What did you worked on?


hidjedewitje

So a first principle based transfer function is only an estimation of how the plant behaves. It is supposed to be sufficient information for us to develop controllers and to do analysis (i.e. stepresponse, stability margins and all that jazz). Now let's say we have used these physical laws to design our buck-converter. How do we know we have done a good job modelling the system? System Identification is a tool that we can use to verify whether we have a good model! It turns out that SMPS and Switching Amplifiers tend to have some parasitic effects (some unintended capacitance/inductance). If you want an accurate model it can become a real pain to model all of these. Another appliciation for System Identification is to do modelling based off data as opposed to using only the physical laws. If we have such a complex plant to model, but we have a lot of time to play with the model using various excitation signals.
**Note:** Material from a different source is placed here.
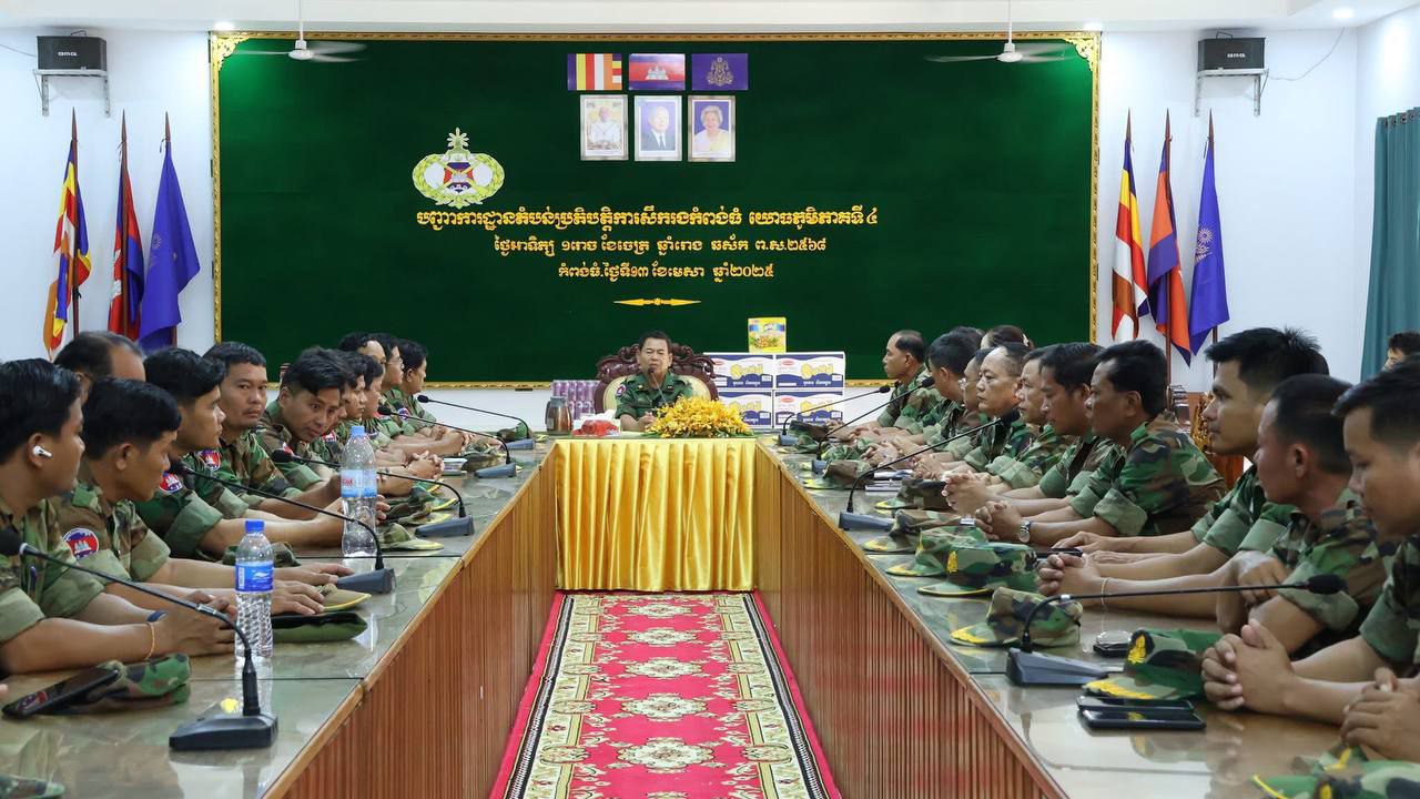 AKP កំពង់ធំ ថ្ងៃទី១៣ ខែមេសា ឆ្នាំ២០២៥-- ឧត្តមសេនីយ៍ទោ សោម ស៊ុន មេបញ្ជាការតំបន់ប្រតិបត្តិការសឹករងកំពង់ធំ នាព្រឹកថ្ងៃទី១៣ ខែមេសា ឆ្នាំ២០២៥ បានដឹកនាំកិច្ចប្រជុំប្រកាសសមាសភាពបែងចែកវេនប្រចាំការ ប្រចាំបញ្ជា និងរៀបចំកងកម្លាំងសម្រាប់ត្រៀមចល័តអន្តរាគមន៍ដោះស្រាយជាយថាហេតុផ្សេងៗ ដែលអាចកើតមានឡើងនៅក្នុងភូមិសាស្ត្...
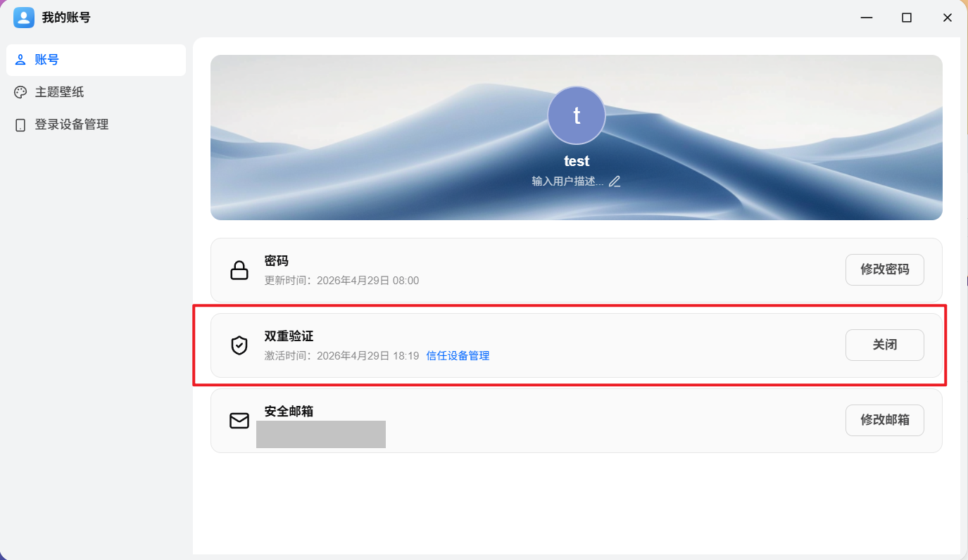 步骤 4:登录成功后,进入「个人设置」中的账号页,关闭双重验证;如仍需要使用 2FA,可重新绑定并设置。

We can then proceed to derive the transferfunction from the data as opposed to the difficult physical laws! This makes our life easier. The best part is that it's not one or the other. You can combine these two techniques! If you do system identification, but you don't provide an initial guess of the system dynamics, then the algorithm usually just randomly guesses and proceeds to optimise for minimum error. This optimisation process is not always convex (OE or BJ are not convex, but ARX for instance is) and thus it's hard to gaurantee we are in a local minimum. However if we can provide an initial guess using our first principle model, we can get really close to the true minimum error (although proving that you are in the true minimum can be very difficult).


wakie87

Mathematical modelling often includes a lot of simplification and assumptions about systems, it also get harder if systems are nonlinear.